■ Data provided ■
*****

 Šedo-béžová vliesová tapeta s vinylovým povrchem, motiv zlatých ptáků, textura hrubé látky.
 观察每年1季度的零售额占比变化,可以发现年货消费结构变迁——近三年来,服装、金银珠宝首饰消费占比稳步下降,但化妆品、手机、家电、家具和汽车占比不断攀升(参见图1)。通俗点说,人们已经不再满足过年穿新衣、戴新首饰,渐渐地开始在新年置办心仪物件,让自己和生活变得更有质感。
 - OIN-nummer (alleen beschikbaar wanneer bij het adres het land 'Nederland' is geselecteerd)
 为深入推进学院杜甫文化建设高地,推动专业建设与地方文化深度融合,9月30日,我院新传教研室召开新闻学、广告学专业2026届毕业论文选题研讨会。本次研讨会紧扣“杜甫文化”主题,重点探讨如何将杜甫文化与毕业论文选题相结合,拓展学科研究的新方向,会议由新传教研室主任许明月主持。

*****

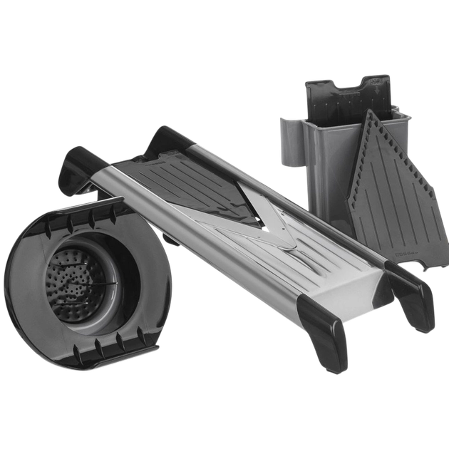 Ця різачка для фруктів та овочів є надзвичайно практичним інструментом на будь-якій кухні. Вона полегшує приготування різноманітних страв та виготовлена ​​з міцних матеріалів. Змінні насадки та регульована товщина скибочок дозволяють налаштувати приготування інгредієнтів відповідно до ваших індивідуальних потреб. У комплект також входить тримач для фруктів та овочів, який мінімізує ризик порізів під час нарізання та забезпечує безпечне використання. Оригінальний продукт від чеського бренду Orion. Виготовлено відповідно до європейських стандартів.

*****

From the data above, reproduce word for word the lines running from the line with "Šedo-béžová vliesová tapeta" to the line with "- OIN-nummer (alleen", ends included.

 Šedo-béžová vliesová tapeta s vinylovým povrchem, motiv zlatých ptáků, textura hrubé látky.
 观察每年1季度的零售额占比变化,可以发现年货消费结构变迁——近三年来,服装、金银珠宝首饰消费占比稳步下降,但化妆品、手机、家电、家具和汽车占比不断攀升(参见图1)。通俗点说,人们已经不再满足过年穿新衣、戴新首饰,渐渐地开始在新年置办心仪物件,让自己和生活变得更有质感。
 - OIN-nummer (alleen beschikbaar wanneer bij het adres het land 'Nederland' is geselecteerd)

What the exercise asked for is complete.